=== SUPPLIED DATA ===
╭──

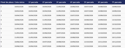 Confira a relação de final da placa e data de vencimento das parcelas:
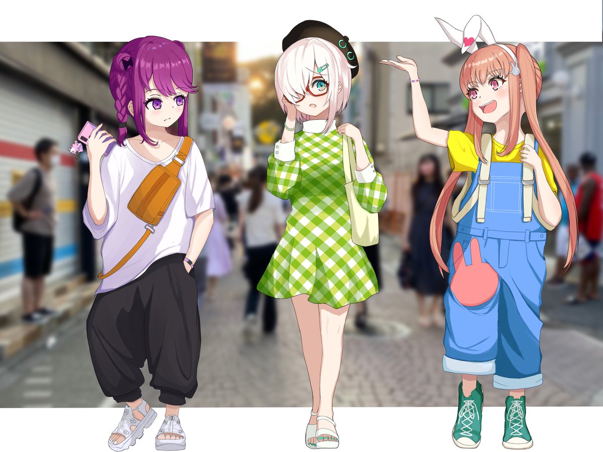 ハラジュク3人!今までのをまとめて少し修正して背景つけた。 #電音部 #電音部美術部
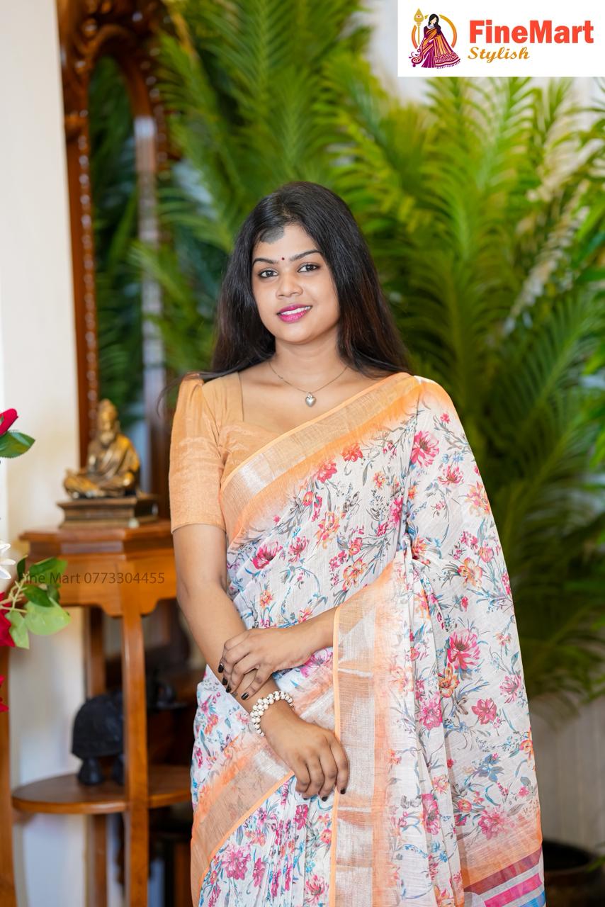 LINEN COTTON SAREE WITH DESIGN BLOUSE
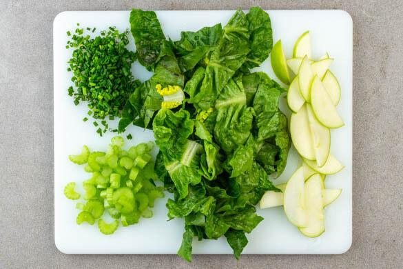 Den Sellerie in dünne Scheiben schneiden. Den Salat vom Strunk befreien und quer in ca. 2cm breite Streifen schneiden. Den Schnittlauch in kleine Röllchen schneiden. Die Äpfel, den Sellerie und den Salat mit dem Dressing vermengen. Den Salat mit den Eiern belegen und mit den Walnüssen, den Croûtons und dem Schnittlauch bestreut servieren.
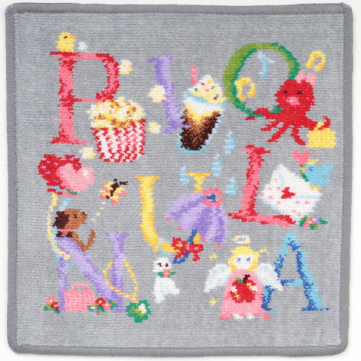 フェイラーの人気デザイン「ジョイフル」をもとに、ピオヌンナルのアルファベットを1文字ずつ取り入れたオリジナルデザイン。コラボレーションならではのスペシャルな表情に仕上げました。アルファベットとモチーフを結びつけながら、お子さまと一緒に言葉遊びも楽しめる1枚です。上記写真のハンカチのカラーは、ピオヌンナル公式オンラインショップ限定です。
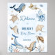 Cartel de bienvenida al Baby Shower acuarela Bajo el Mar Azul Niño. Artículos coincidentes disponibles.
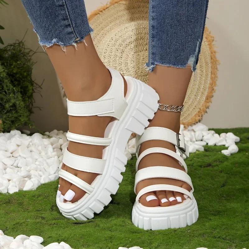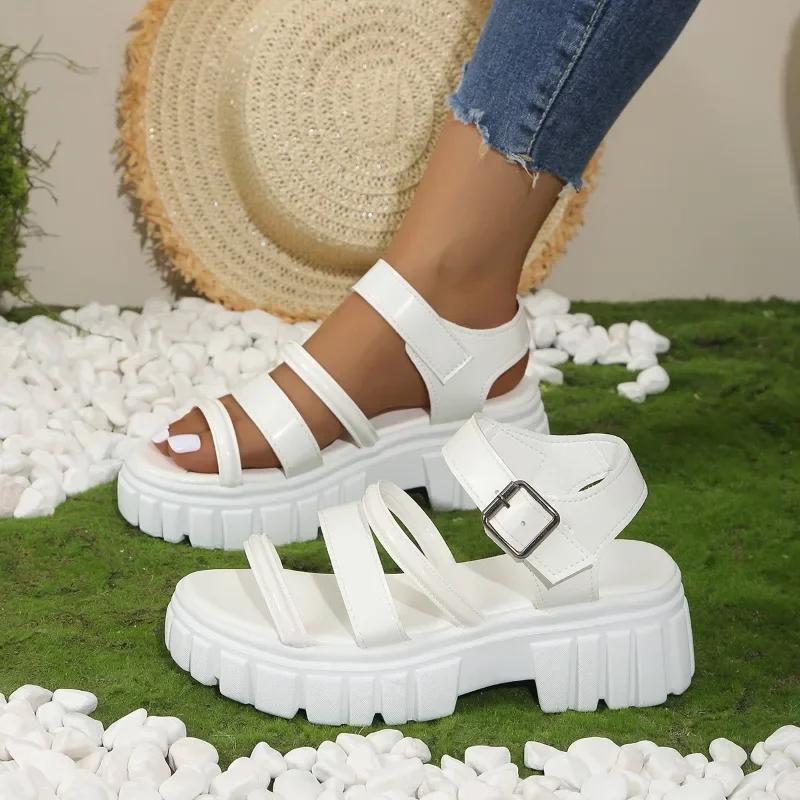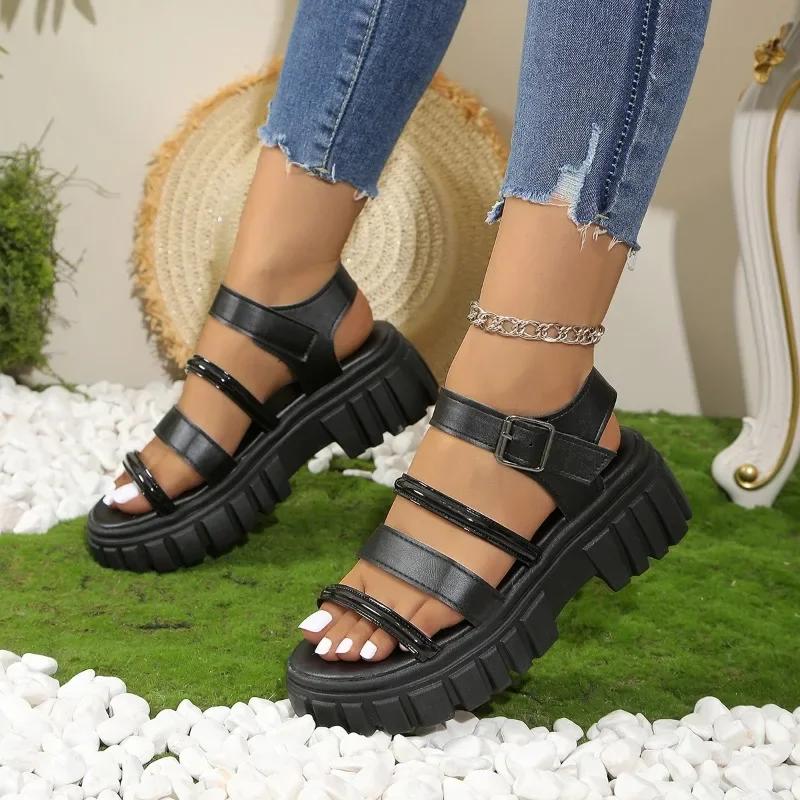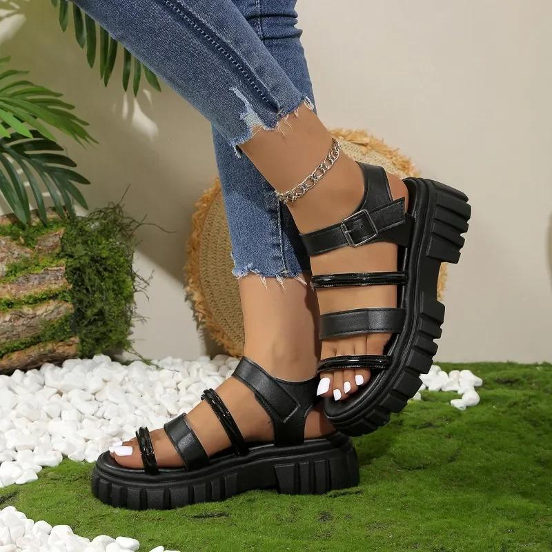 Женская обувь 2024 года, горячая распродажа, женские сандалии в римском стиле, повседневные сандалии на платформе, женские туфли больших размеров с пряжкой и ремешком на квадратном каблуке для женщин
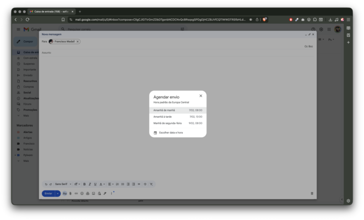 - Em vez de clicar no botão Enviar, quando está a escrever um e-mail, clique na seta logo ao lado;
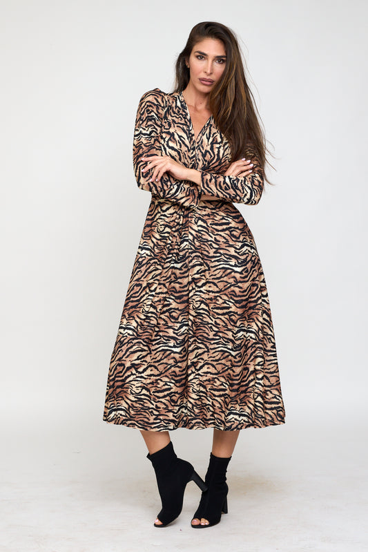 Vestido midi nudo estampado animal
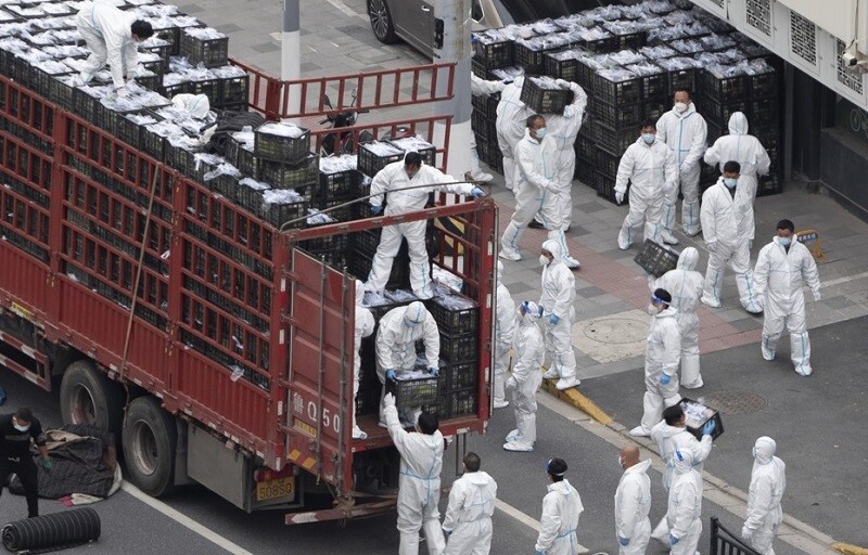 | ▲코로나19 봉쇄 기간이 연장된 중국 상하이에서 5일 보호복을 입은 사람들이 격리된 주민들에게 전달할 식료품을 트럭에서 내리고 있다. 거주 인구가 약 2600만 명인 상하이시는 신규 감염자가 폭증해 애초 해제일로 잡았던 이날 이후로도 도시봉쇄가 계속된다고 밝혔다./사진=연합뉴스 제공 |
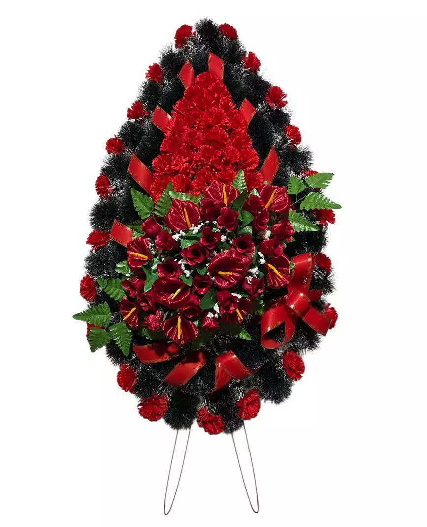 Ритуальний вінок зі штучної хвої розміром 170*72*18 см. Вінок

╰──
╭──

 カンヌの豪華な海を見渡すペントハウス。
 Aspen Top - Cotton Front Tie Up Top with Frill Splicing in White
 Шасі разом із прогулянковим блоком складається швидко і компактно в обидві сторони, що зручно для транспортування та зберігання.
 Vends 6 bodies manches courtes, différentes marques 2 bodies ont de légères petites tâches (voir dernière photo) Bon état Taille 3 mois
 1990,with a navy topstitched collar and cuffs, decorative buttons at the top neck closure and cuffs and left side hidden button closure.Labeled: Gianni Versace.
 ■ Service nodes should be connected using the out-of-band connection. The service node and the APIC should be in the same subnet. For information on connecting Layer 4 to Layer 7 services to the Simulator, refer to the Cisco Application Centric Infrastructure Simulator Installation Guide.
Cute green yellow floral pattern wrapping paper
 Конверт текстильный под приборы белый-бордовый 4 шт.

╰──
╭──

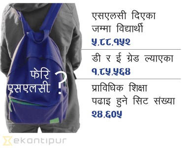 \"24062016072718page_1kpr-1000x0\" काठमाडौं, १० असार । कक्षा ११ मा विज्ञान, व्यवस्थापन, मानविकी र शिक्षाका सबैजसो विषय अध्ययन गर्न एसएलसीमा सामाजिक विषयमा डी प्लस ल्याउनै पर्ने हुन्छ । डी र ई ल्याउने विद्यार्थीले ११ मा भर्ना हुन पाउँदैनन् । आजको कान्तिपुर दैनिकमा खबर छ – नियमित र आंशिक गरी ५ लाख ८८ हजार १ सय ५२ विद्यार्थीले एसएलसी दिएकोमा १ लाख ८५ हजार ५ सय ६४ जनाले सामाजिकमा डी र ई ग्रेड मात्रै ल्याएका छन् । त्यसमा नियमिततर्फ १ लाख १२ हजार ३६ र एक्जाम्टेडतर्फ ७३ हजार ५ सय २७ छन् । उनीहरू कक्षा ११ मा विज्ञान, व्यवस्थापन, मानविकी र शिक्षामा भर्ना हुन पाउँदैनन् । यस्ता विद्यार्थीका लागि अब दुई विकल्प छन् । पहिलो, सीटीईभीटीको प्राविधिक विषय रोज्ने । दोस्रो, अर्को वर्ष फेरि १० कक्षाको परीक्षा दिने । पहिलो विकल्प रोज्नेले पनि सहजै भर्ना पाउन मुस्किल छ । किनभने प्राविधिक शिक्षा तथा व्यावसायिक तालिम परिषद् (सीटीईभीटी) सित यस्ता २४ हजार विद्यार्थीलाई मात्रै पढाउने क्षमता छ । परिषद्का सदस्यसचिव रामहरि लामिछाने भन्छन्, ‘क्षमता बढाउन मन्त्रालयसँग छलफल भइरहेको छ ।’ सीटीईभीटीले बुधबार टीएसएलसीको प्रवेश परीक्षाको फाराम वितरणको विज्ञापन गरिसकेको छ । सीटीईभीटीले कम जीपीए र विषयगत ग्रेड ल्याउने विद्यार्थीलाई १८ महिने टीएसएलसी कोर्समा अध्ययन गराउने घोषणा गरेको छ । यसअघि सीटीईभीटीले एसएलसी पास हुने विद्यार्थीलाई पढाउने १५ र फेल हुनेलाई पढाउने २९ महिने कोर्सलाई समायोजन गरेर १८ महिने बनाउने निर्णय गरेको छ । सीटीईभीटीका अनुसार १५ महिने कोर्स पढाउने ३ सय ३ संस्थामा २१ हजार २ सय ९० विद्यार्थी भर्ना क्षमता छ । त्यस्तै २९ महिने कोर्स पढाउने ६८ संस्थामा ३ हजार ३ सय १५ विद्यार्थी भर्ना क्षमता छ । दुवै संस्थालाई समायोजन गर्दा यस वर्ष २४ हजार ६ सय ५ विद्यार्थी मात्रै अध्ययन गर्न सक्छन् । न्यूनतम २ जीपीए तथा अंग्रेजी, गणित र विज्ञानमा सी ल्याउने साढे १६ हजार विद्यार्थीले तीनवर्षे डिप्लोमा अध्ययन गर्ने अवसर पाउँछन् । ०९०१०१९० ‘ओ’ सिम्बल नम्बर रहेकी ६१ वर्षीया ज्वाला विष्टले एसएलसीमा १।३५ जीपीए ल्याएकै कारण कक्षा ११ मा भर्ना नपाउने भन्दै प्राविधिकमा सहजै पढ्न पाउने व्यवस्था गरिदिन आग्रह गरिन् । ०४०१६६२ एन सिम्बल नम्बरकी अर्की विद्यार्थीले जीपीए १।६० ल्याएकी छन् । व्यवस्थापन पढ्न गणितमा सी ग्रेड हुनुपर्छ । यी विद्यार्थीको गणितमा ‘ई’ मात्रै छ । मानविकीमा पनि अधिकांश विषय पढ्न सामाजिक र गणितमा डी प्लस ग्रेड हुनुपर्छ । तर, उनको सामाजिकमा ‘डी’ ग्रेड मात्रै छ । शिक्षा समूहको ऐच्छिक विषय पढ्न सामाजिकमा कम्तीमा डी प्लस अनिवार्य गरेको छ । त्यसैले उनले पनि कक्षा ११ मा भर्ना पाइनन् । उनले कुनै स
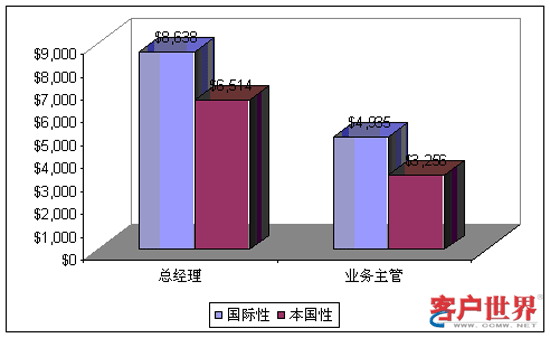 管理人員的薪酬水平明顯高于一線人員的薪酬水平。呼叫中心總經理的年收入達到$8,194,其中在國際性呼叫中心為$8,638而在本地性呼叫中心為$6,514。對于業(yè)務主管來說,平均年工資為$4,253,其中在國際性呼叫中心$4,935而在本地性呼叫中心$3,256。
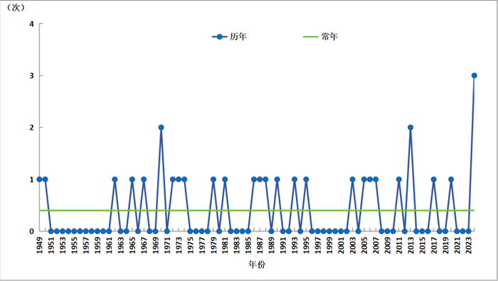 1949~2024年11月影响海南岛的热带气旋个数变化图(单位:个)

╰──

=== ACTIVITY ===
Copy nothing but the lines above that run from the one with "管理人員的薪酬水平明顯高于一" to the one with "1949~2024年11月影响海南岛的热带气旋个数变化图(单位:个)", ends included; pictures stay out.

=== EXERCISE OUTPUT ===
 管理人員的薪酬水平明顯高于一線人員的薪酬水平。呼叫中心總經理的年收入達到$8,194,其中在國際性呼叫中心為$8,638而在本地性呼叫中心為$6,514。對于業(yè)務主管來說,平均年工資為$4,253,其中在國際性呼叫中心$4,935而在本地性呼叫中心$3,256。
 1949~2024年11月影响海南岛的热带气旋个数变化图(单位:个)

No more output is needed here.